Check first the version you are currently running on:

SHOW GLOBAL VARIABLES LIKE 'version';
+---------------+-----------------------+
| Variable_name | Value                 |
+---------------+-----------------------+
| version       | 5.5.15-wsrep_21.1-log |
+---------------+-----------------------+

We can see that we are using MySQL 5.5.15 with the wsrep API Version 21 and the wsrep patch 21.1.

SHOW GLOBAL STATUS LIKE 'wsrep_provider_version';
+------------------------+-------------+
| Variable_name          | Value       |
+------------------------+-------------+
| wsrep_provider_version | 21.1.0(r86) |
+------------------------+-------------+

Here we see that we are using the Galera Replicator (plugin) 1.0 (revision 86) based on the wsrep API Version 21.

Some rules to Galera versioning.
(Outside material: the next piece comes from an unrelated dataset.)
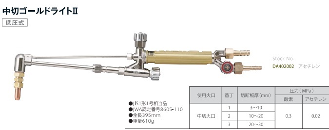 小池酸素 中切ゴールドライト2 ガス切断器 本体+火口3本付 アセチレン+酸素対応 中型切断器 低圧式 溶断トーチセット(No.1/No.2/No.3)

We have 4 different version numbers we should care about:

  • MySQL version (5.5.15)
  • Wsrep API version (21, 22, ...)
    The wsrep API versions will always be single monotonically increasing numbers: 21, 22, ... That indicates API compatibility between MySQL and Galera.
  • Wsrep Patch version (21.1)
    The wsrep patch versions has the form 21.1 where the 21 represents the API version and the 1 represents bug-fix of that API version.
  • Galera Replicator (= provider, plugin) (1.0(r86))
    Galera versions will be in the form <major>.<minor> with minor meaning: bug-fixes and small features and major: major features, which involve a lot of code change.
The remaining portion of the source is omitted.